So CXI is the file extension of 3DS roms now?
Btw, I think you can save your time posting basically the same multiple times in this thread. People are going to read the first post, then maybe a few posts below and then comment. Perhaps a moderator or the OP can add your clarification to the first post.


----------



## SifJar (Mar 2, 2012)

WiiBricker said:


> SifJar said:
> 
> 
> > Luigi2011SM64 said:
> ...


CXI has always been the proper extension of 3DS ROMs. Probably not what the pirates do/will use, but it is the correct extension. Just like SRL was the correct extension on the NDS  EDIT: (for the record, the CXI page on the 3dbrew Wiki has existed since 29th May 2011, so the extension has been known for a while, it's not a new thing)

And yeah, maybe. I guess I am repeating myself a lot...although I'm sort of trying to respond to as many people as possible. People who refuse to read  If a mod or the OP sees this and wants to add anything from any of my posts to the first post, please feel free and in fact be encouraged to do so. Maybe it'll stop some of the noobish questions


----------



## WiiUBricker (Mar 2, 2012)

SifJar said:


> CXI has always been the proper extension of 3DS ROMs. Probably not what the pirates do/will use, but it is the correct extension. Just like SRL was the correct extension on the NDS  EDIT: (for the record, the CXI page on the 3dbrew Wiki has existed since 29th May 2011, so the extension has been known for a while, it's not a new thing)

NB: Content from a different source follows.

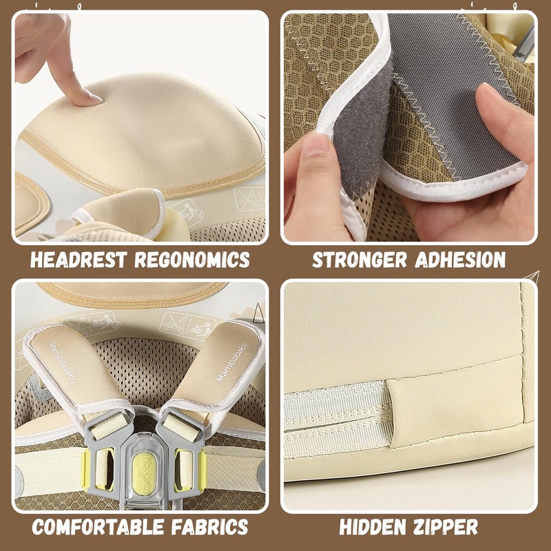 - All-round Security: The removable tail can prevent the baby from tipping backwards. And the Upgraded safety buckle provides 5 support points and perfect 40°angle to keep a balance to avoid baby flip over and fall off. The unbuckling device with a safety box to prevent the baby from accidentally unbuckling the harness. Meanwhile, the baby canopy is equipped with see-through mesh, making it easy for parents to keep an eye on their baby at all times

Yea, it's highly probable that flash carts will use the *.3ds extension for 3DS roms. The same goes to homebrew, too since DS homebrew doesn't use *.srl, but *.nds.


----------



## Foxi4 (Mar 2, 2012)

WiiBricker said:


> SifJar said:
> 
> 
> > CXI has always been the proper extension of 3DS ROMs. Probably not what the pirates do/will use, but it is the correct extension. Just like SRL was the correct extension on the NDS  EDIT: (for the record, the CXI page on the 3dbrew Wiki has existed since 29th May 2011, so the extension has been known for a while, it's not a new thing)
> ...


Extensions are like words in languages - they may look differently but that doesn't really have any relevance seeing that they refer to the same idea. (Saussure, _Course in General Linguistics_, particularily the divison of the Sign into Signifier and Signified. In this case, the chosen extension is the Signifier and the Signified is the actual content, together they create a Sign, which here is a file).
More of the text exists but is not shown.